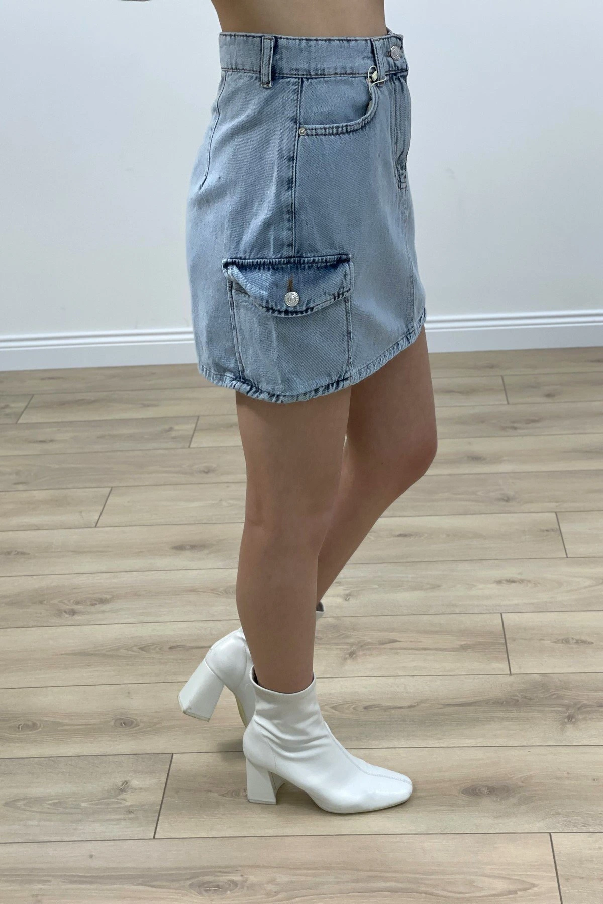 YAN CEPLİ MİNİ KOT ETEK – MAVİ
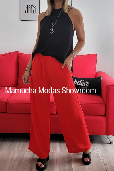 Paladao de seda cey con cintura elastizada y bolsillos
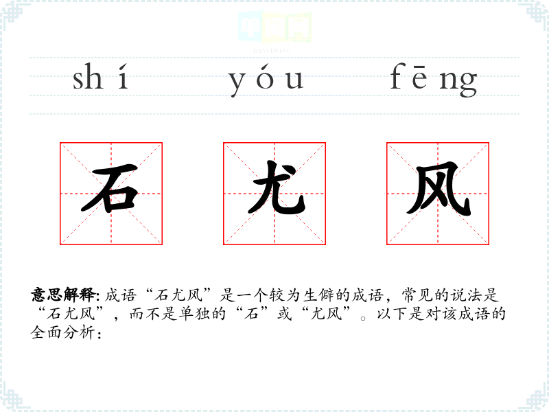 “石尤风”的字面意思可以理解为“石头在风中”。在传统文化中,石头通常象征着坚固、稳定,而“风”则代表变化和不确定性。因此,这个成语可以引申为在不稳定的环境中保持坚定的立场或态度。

> [Aim of the task]
Give back the material above exactly, but without its images.

> [Answer to this exercise]
 YAN CEPLİ MİNİ KOT ETEK – MAVİ
 Paladao de seda cey con cintura elastizada y bolsillos
 “石尤风”的字面意思可以理解为“石头在风中”。在传统文化中,石头通常象征着坚固、稳定,而“风”则代表变化和不确定性。因此,这个成语可以引申为在不稳定的环境中保持坚定的立场或态度。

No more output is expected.